I wanted to say hello to everyone and thanks. I have been looking for a replacement trailer for some time and when I was doing research stumbled on this site. I looked at what I could see and found out where to look for issues with trailers and when I stumbled across a great deal snapped it up.
A car dealer had it for sale and it wasn't moving and he was tired of the batteries being stolen, propane bottles being stolen, damaged locks etc. There was no more room for profit so he just dumped it on Craigslist. I have now started the process of washing, cleaning and repairing. Most of the damage is bolt on stuff and trailer body and appliances etc. are in great shape.
I have now put new tires and rims going up to 15 inch tires and flipping the axles, I read about that here, bought two 6 volt batteries, new propane tanks, locks, had the gas tested and repaired (another car dealer expense as by law they had to certify the gas), that cost them another $700 dollars as both the furnace and hot water tank needed repairs as well as one new hose. So now everything works and I know it is all new, newly repaired. I can't wait to go camping....


----------



## Patty (Mar 4, 2010)

Landrover said:


> I wanted to say hello to everyone and thanks. I have been looking for a replacement trailer for some time and when I was doing research stumbled on this site. I looked at what I could see and found out where to look for issues with trailers and when I stumbled across a great deal snapped it up.
> A car dealer had it for sale and it wasn't moving and he was tired of the batteries being stolen, propane bottles being stolen, damaged locks etc. There was no more room for profit so he just dumped it on Craigslist. I have now started the process of washing, cleaning and repairing. Most of the damage is bolt on stuff and trailer body and appliances etc. are in great shape.
> I have now put new tires and rims going up to 15 inch tires and flipping the axles, I read about that here, bought two 6 volt batteries, new propane tanks, locks, had the gas tested and repaired (another car dealer expense as by law they had to certify the gas), that cost them another $700 dollars as both the furnace and hot water tank needed repairs as well as one new hose. So now everything works and I know it is all new, newly repaired. I can't wait to go camping....


----------



## jake's outback (Jul 24, 2010)

Hey welcome to the site.








YES lots of good info here! So let us know when the maiden voyage is...


----------



## Oregon_Camper (Sep 13, 2004)

Welcome...Welcome...Welcome.

Glad you found us.









Congrats on the new (to you) Outback. You're going to LOVE it.


----------



## thefulminator (Aug 8, 2007)

Welcome.

So what part of the country are you in?


----------



## Chabbie1 (Dec 3, 2006)

Welcome! and what a Fantastic model you have!
We love our 21RS

Happy Camping

Oh... yeah, where are you from?


----------



## Landrover (Jul 16, 2011)

thefulminator said:


> Welcome.
> 
> So what part of the country are you in?
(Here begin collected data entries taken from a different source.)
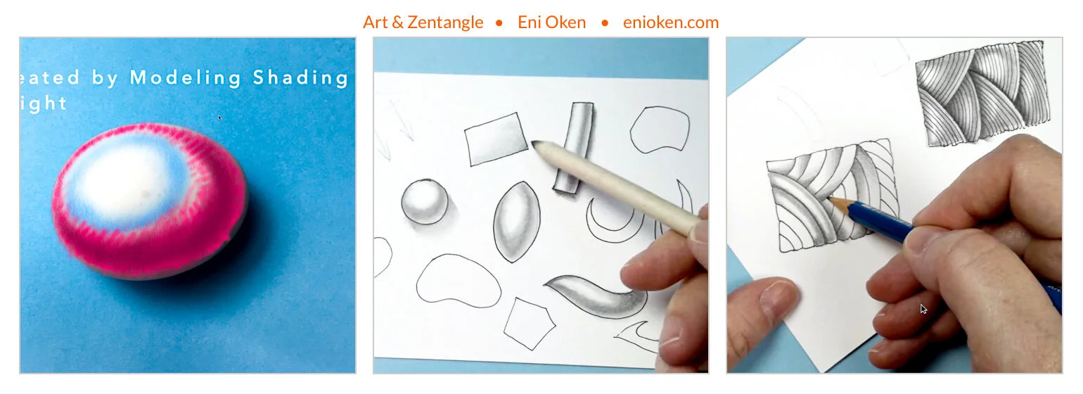 Next, three videos complete the bundle. The first one covers Tangled Shadows, and shows how to understand and draw shadows using a fixed source of light such as the sun. Although this is NOT the classic Zentangle method approach, I use that technique in my own work to create more realistic shadows by shaping shadows that are parallel to the rays of the imaginary sun.
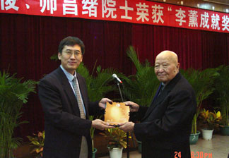 酒会上举行了“李薰成就奖”颁奖仪式,此次颁发的是2003年度和2004年度的“李薰成就奖”,分别授予给柯俊院士和师昌绪院士。
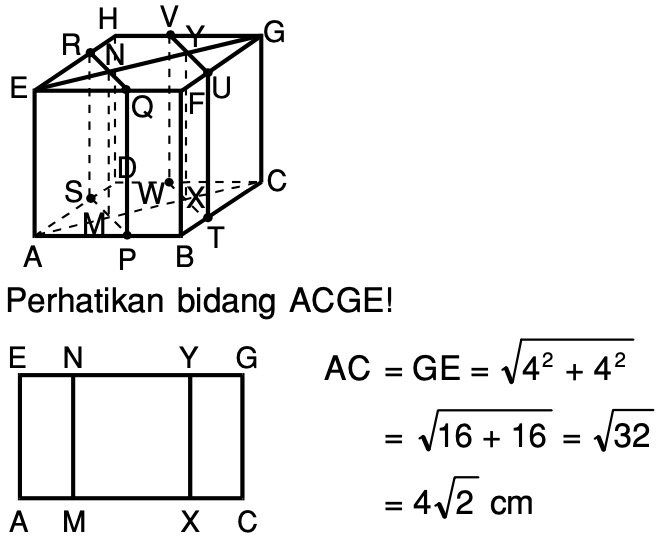 Dik kubus abcdefgh dgn panjang rusuk 4 cm . Titik p adalah titik potong ah dgn ed dan titik q - Brainly.co.id
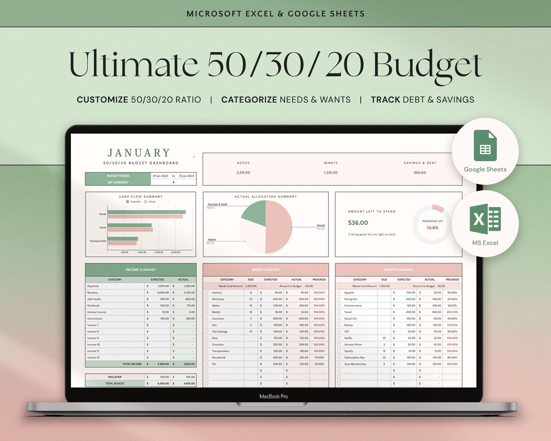 50/30/20 Budget Spreadsheet Excel Google Sheets Monthly Budget Planner
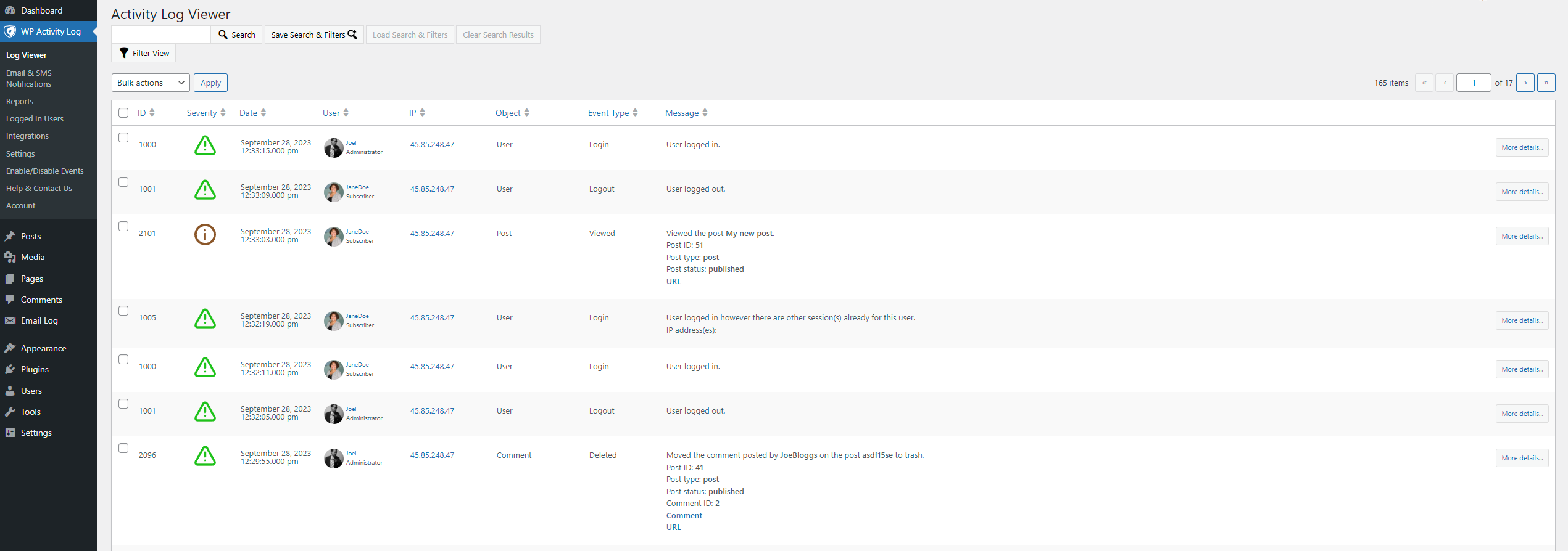 Essentially, this gives you a running summary of everything that happens on your site. While this might seem like a lot of information to deal with, it can be crucial for maintaining a secure site that runs smoothly. This can be especially useful if you’re working with a large team of administrators, or your site has a large amount of traffic.
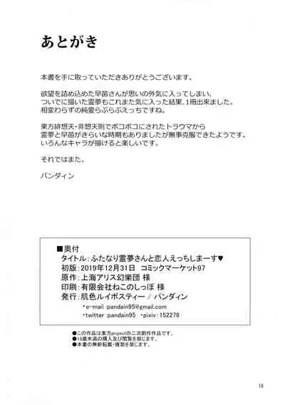 (C97) [Hadairo Rooibos Tea (Pandain)] Futanari Reimu-san to Koibito Ecchi Shima-su (Touhou Project)
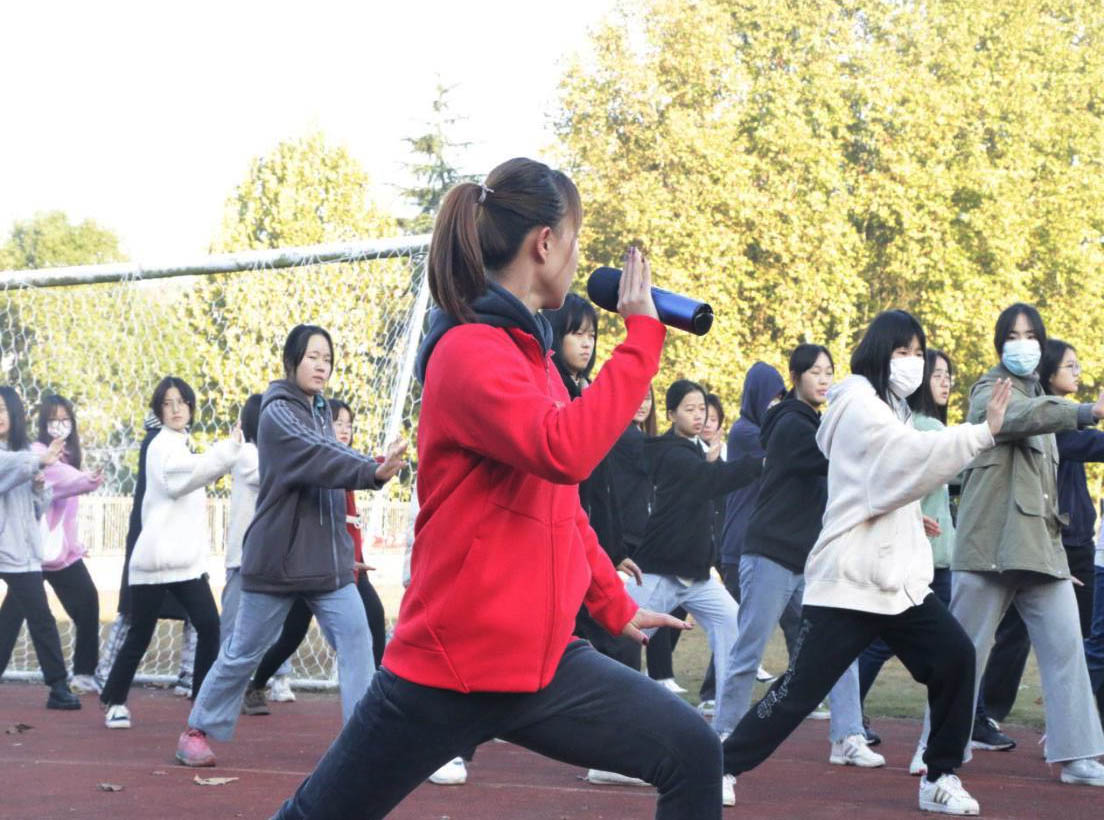 在操场上,有的班级整齐划一,有组织的进行慢跑;有的班级三五成群,开展“迎面接力”“滚雪球”“爬虫竞走”等集体运动项目,还有的同学则在体育老师的指导下练起了太极……

I am just North of you in Vancouver BC area


----------



## SaveFerris (Sep 19, 2009)

Welcome to the site and congrats on the "new" 21RS!









We love ours. Have fun taking it out this summer!

Nathan


----------



## TheMillers (Aug 8, 2005)

Welcome to the Outbacker family!!! This really is the best website I've found for Outback information.
We love our 21Rs! We had to sleep 9 people in it once. Luckily 5 of them were kids!


----------